Cells in the old medium from each condition were harvested by
centrifugation, counted, and further characterized. We connected
two identical bioreactor modules in parallel for these experiments.
At 7 days, growth factors were changed to IL-6, IL-9, SCF, TPO, and
SU6656, a Src kinase inhibitor. We used a modification of the
method described by Gandhi et at for 2D culture [11]. We replaced
IL-3 with IL-9 based on the work of Cortin et al, who carefully
compared a large number of cytokine combinations for their
megakaryocyte and platelet production potential, and that of Fujiki
et at [30, 31]. In three identical experiments, in tissue culture
wells (2D), 2.3, 1.8, and 1.7.times.10.sup.6 morphologic platelets
were produced from day 12 to 25; in 3D scaffolds in wells (with a
total of 6 disks per experiment), 10, 6.9, and 9.3.times.10.sup.6
from day 12 to 37; and in 3D scaffolds in the modular perfusion
bioreactor, 31, 31, and 36.times.10.sup.6 from day 8 to day 40
(FIG. 1B). When normalized to number of platelets produced per CD34
positively-selected expanded cord blood cell, the 3D bioreactor
produced statistically significantly higher yield per starting cell
compared to either 2D or 3D production in wells.
Platelet Production Scale-Up
[0045] When we increased the dose of IL-6 and added IL-11 we found
a considerable increase in length of platelet production and
numbers produced daily (Table 1 and FIG. 1D). For this experiment
we used 6 million CD34 positively-selected cord cells that had been
expanded in brief liquid culture, putting 2 million cells in each
of three bioreactor modules (Table 1). Even considering the
increased starting numbers over the previous experiments, the
number of platelets produced per day was increased dramatically
over the previously-used cytokine combination. Approximately twice
the number of putative platelets per expanded CD34
positively-selected cell that we observed with Src differentiation
medium was produced.
Platelet Evaluation
[0046] Compound microscopy of Wright-stained smears and Cytospins
showed a heterogeneous mixture of normal and atypically-shaped and
-sized platelets (FIG. 1E). TEMs showed the presence of alpha and
dense granules, mitochondria, open cannicular elements, and
circumferential microtubules similar to that seen with concurrent
fresh cord blood platelets, although there were somewhat more
microparticles, ghosts, and abnormally-shaped and -sized platelets,
with some degranulation. Serial flow cytometry in one experiment
showed decreasing contamination of CD41 negative particles as CD41
positive small particles increased (FIG. 1C). The day 7 results for
the platelet differentiation medium and the control medium were
identical, as expected. At 14 days, a large population of small
(low forward scatter) CD41 positive particles were recorded in the
sample from the differentiation bioreactor; these were presumably
platelets. There was also a significant population of small
particles that were not CD41 positive, probably cellular debris.
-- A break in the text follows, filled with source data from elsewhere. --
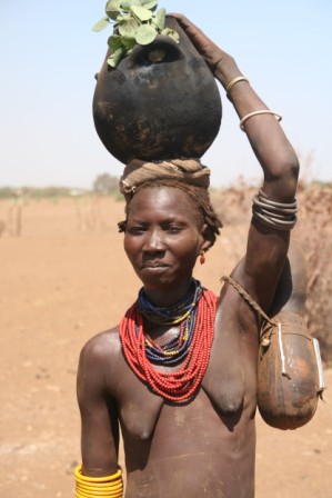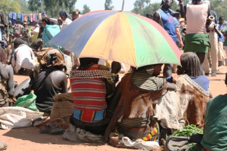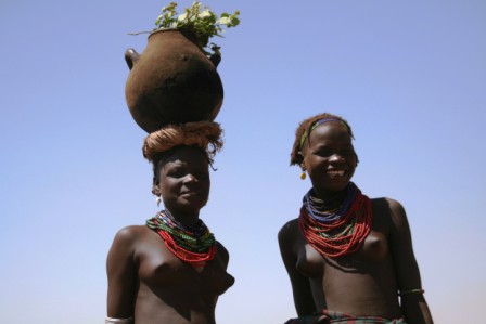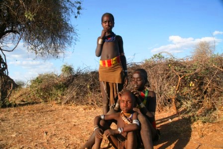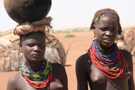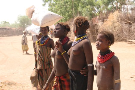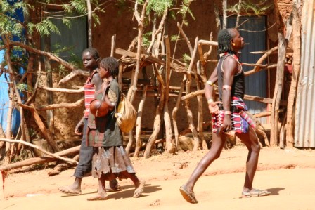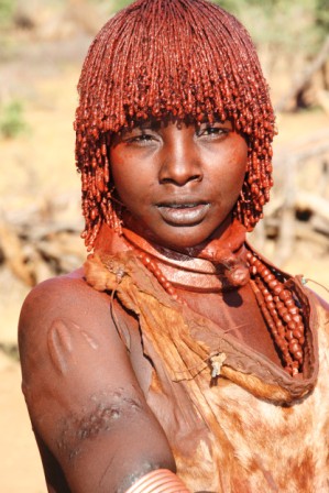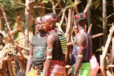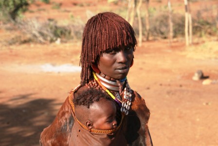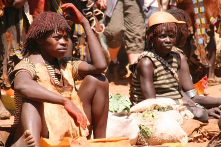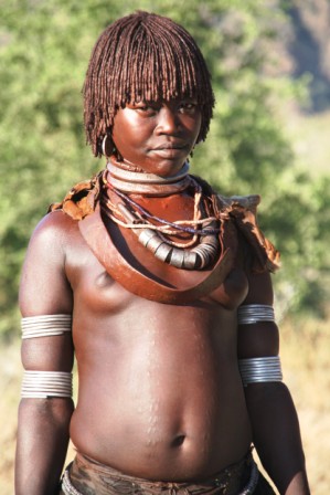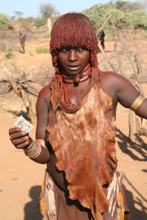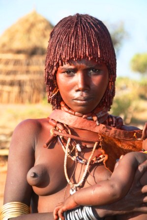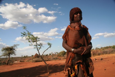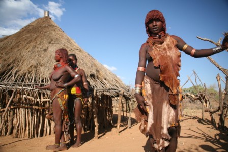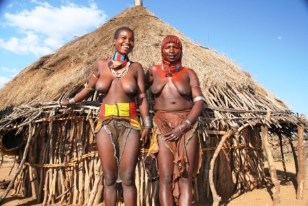Kui olime mõne tunni autoga edasi loksunud, hakkas maastik justkui vaikselt kanalit vahetama. Umbes nagu National Geographic, aga ilma reklaamipausideta. Olime jõudnud hamerite aladele – piirkonda, kus aeg liigub omasoodu. Hamerite naistel on valdavalt puusadele seotud punakaspruun kitsenahk. Seelik on sabaga. Turupäevadel vahetatakse naturaalmajanduslik kraam plastmasspärlite vastu, tänu sellele on seelikud ka tikandeid täis. Rinnad on naise ehe ja seda hamerid teavad – kõik on uljalt oma rindu eksponeerimas.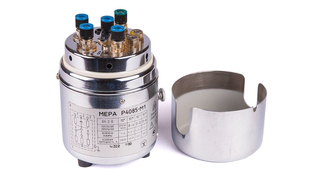 Мера-имитатор электрического сопротивления: 1, 10, 100, 100 ГОм; основная погрешность ±(0,05…0,2)% ; U ном. = 100 В; U макс. = 500 В; масса 1,4 кг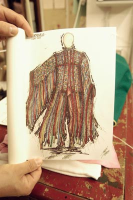 Giacomo ci illustra le caratteristiche di un costume che ancora deve essere terminato, dal suo bozzetto alla scelta della stoffa: il Narratore, e poi ci presenta ancora alcuni modelli “storici” e molto importanti come quelli di coloro che aprono il corteo. Abiti pesantissimi dalle stoffe compatte e ricche con accessori di grande impatto : ori e pietre dure, gli abiti dei nostri “Priori di Parte”.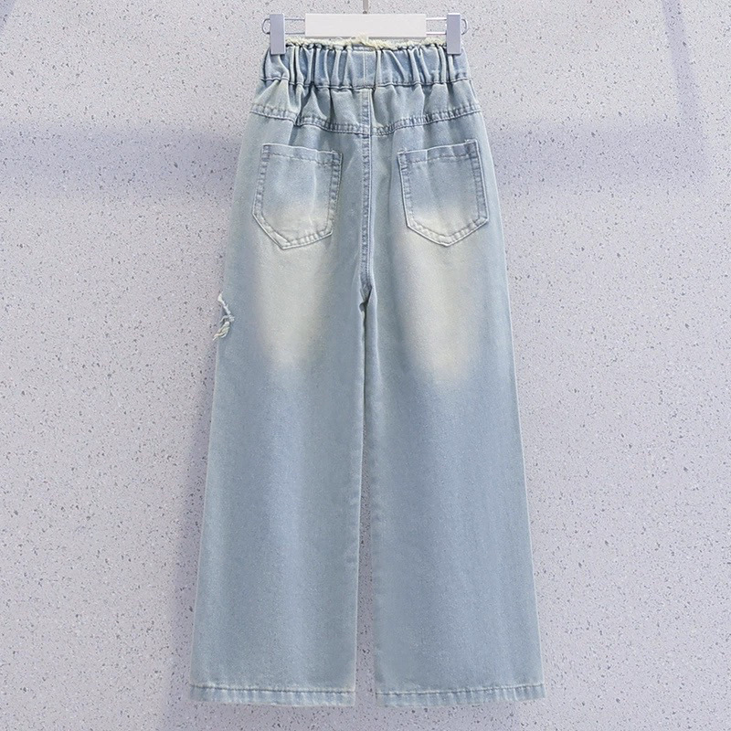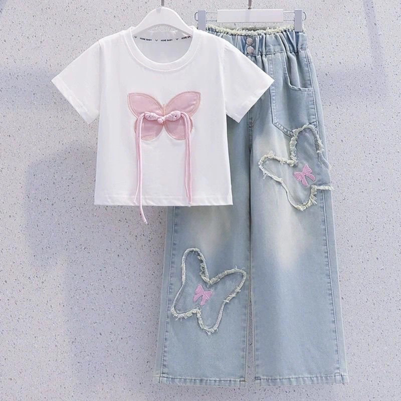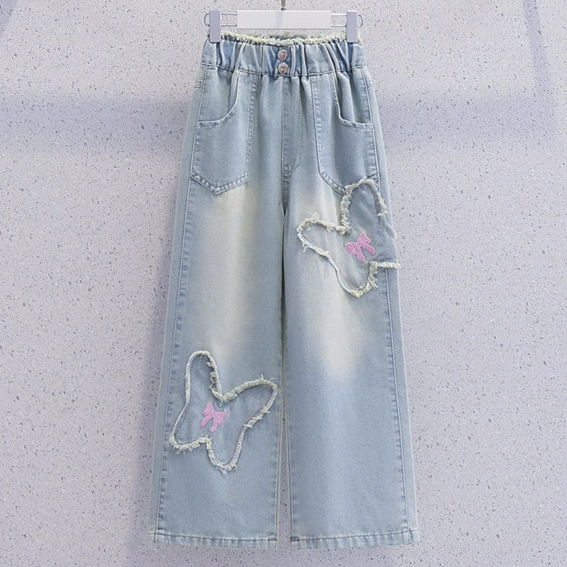 여아 정장, 얇은 청바지, 중대형 아동 패션, 나비 자수 바지, 아동용 다용도 아우터 바지스토어 가기

This debris almost disappeared at the day 21 and day 28 time
points, while the small-sized CD41 positive population
persisted.
[0047] The platelets collected aggregated in response to thrombin,
as did neonatal control platelets. We analyzed the platelets for
CD62 and CD 63 expression before and after thrombin exposure, and
compared this to neonatal platelets harvested from cord blood
within 24 hours of delivery, using flow cytometry (FIG. 1F). The
bioreactor-produced platelets showed considerable CD62 and CD63
activation above that seen with cord blood platelets. Thrombin
activation increased the expression of both markers of platelet
activation above the baseline expression.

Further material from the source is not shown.